Many large companies are seemingly paralyzed by trade secrets. It is surprising given their resources and sophistication in other areas of IP law.
Large companies usually have large patent and trademark portfolios, teams of legal professionals, and significant IP budgets. They are comfortable with patents and trademarks because processes and systems are well established, supported by law firms and internal counsel.
Trade secrets, however, often remain unmanaged. Large companies find starting the process of identifying trade secrets to be intimidating and are afraid to start. Some cite lack of staffing or budget as barriers although they have plenty for patents and trademarks. This is actually an allocation challenge, not a resource challenge.
Another problem is the reactive mindset. Many large companies wait until there is a trade secret theft to take action. Courts under trade secret law are requiring proactive measures long before theft occurs. Without evidence of reasonable steps, even the strongest claims fail.
Companies that treat trade secret protection as an intellectual venture on par with patent filing or trademark registration are better positioned for compliance and risk mitigation. Tangibly makes that shift possible by offering enterprise tools that scale across departments and geographies.
Why do large companies struggle with trade secret management?
Because trade secrets lack formal registration systems, many enterprises delay creating structured processes. The ambiguity makes teams hesitant to start.
Why do corporations invest heavily in patents but neglect trade secrets?
Patents and trademarks have clear processes, established law firm support, and longstanding internal workflows.
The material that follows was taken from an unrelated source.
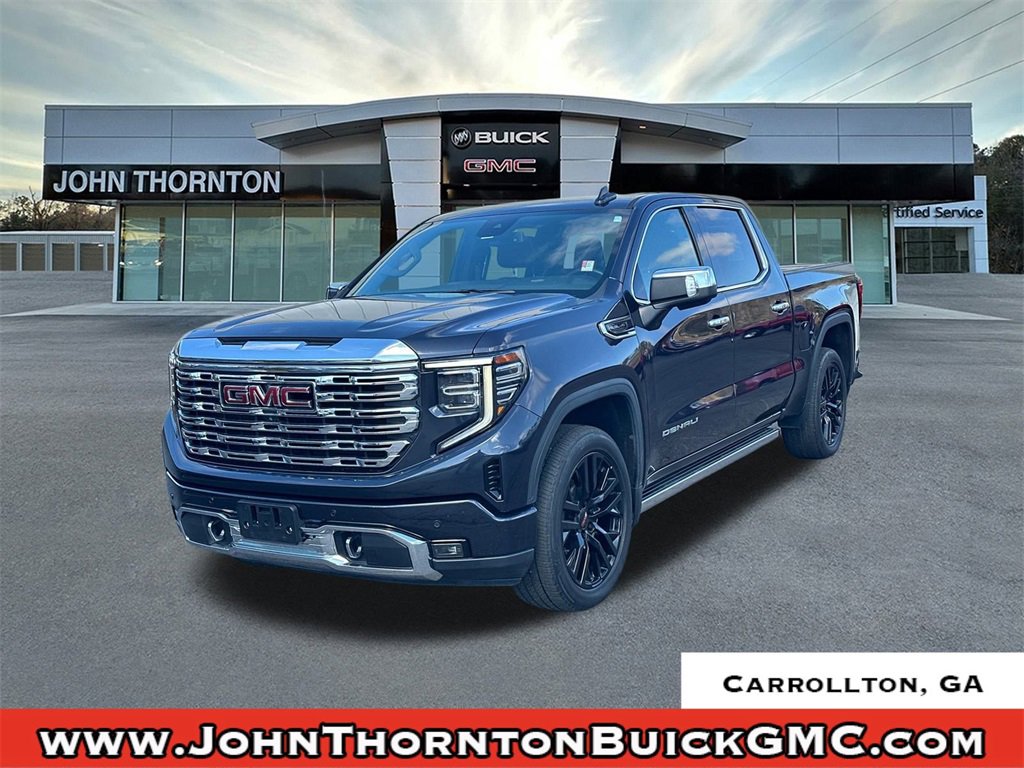 Recent Arrival! Thank you for considering this beautiful 2022 GMC Sierra 1500 Denali finished in stunning Titanium Rush Metallic with Atmosphere/Brownstone Leather.Odometer is 13635 miles below market average!14/19 City/Highway MPGWe are your premier Carrollton, GA Cadillac dealership. John Thornton Cadillac Inc. Is family owned, and it is our goal to provide you with an excellent purchase and ownership experience. We also proudly serve Douglasville Cadillac customers. Whether you're searching for a new or used car near Douglasville or Bremen, researching financing options, or looking for a quick quote on a car, truck, or SUV, the friendly, yet professional staff at our Carrollton Cadillac dealership is ready to provide you with all the help you need. We are proud to serve Bremen Cadillac customers. We have served as your premier Cadillac dealer for the entire West Georgia area for over 45 years. Preferred Equipment Group 5SA (120-Volt Bed Mounted Power Outlet, 120-Volt Instrument Panel Power Outlet, 170 Amp Alternator, 2 Charge/Data USB Ports Inside Center Console, 2 Type-C Charge-Only Rear USB Ports, 2 USB Ports, Auto-Locking Rear Differential, Auxiliary External Transmission Oil Cooler, Bed View Camera, Chrome Header w/Signature Denali Chrome Grille, Chrome Recovery Hooks, Chrome Wheel To Wheel Assist Steps, Color-Keyed Carpeting Floor Covering, Compass, Deep-Tinted Glass, Electric Rear-Window Defogger, Electrical Steering Column Lock, Floor-Mounted Center Console, Front Rainsensing Wipers, GMC Connected Access Capable, HD Surround Vision, Heated 2nd Row Outboard Seats, Heated Driver & Front Outboard Passenger Seating, Heated Steering Wheel, Heavy-Duty Air Filter, Hill Descent Control, Hitch Guidance w/Hitch View, In-Vehicle Trailering App, Integrated Trailer Brake Controller, Keyless Open & Start, LED Cargo Area Lighting, OnStar & GMC Connected Services Capable, Perimeter Lighting, Power Door Locks, Power Front Passenger Windows w/Express Up/Down, Power Front Windows w/Driver Express Up/Down, Power Rake & Telescoping Steering Column, Power Rear Windows w/Express Down, Power Sliding Rear Window w/Rear Defogger, Premium Bose 7-Speaker Sound System, Push Button Start, Rear Cross Traffic Braking, Rear Pedestrian Detection, Rear Wheelhouse Liners, Remote Vehicle Starter System, SiriusXM w/360L, Spray-On Pickup Bed Liner w/Denali Logo, Steering Wheel Audio Controls, Theft Deterrent System (Unauthorized Entry), Trailer Camera Provisions, Trailer Side Blind Zone Alert, Ultrasonic Front & Rear Park Assist, Universal Home Remote, Ventilated Driver & Front Passenger Seats, Wi-Fi Hotspot Capable, Wireless Charging, and Wireless Phone Projection), Trailering Package (Hitch Guidance), 10-Speed Automatic, 4WD, Atmosphere/Brownstone Leather, 10-Way Power Driver Seat Adjuster w/Lumbar, 10-Way Power Passenger Seat Adjuster w/Lumbar, 3 Years of OnStar Safety & Security, 3.23 Rear Axle Ratio, 4-Wheel Disc Brakes, 7 Speakers, ABS brakes, Adaptive suspension, Air Conditioning, Alloy wheels, AM/FM radio: SiriusXM with 360L, Apple CarPlay/Android Auto, Auto High-beam Headlights, Auto-dimming door mirrors, Auto-dimming Rear-View mirror, Automatic Emergency Braking, Automatic temperature control, Brake assist, Buckle to Drive, Bumpers: body-color, Cargo Tie-Downs (4) (LPO), Delay-off headlights, Denali Premium Suspension w/Adaptive Ride Control, Driver door bin, Driver Memory, Driver vanity mirror, Dual front impact airbags, Dual front side impact airbags, Electronic Stability Control, Emergency communication system: OnStar and GMC Connected Services capable, Following Distance Indicator, Forge Perforated Leather Seat Trim, Forward Collision Alert, Front anti-roll bar, Front Bucket Seats, Front Center Armrest, Front dual zone A/C, Front fog lights, Front License Plate Kit, Front Pedestrian Braking, Front reading lights, Front wheel independent suspension, Fully automatic headlights, Garage door transmitter, Genui

Trade secrets are less systematised and feel abstract.
What stops big companies from identifying their trade secrets?
Teams often feel overwhelmed by the scale of information and worry about doing it “wrong.” This leads to paralysis, even though the task is manageable with proper tools.
Why is a reactive approach risky for trade secrets?
Courts require proof of proactive reasonable measures. Waiting until theft occurs usually results in weak cases and failed IP claims.
How can large companies begin managing trade secrets effectively?
By treating trade secrets like any other IP asset: identifying them, documenting them, training staff, and maintaining a register.
How does Tangibly help enterprises overcome trade secret paralysis?
Tangibly provides tools for identifying, documenting, communicating, and managing trade secrets at scale across teams, departments, and countries.
Is trade secret protection harder for global organisations?
It can be, due to distributed teams and inconsistent processes. Enterprise software like Tangibly standardises systems across locations.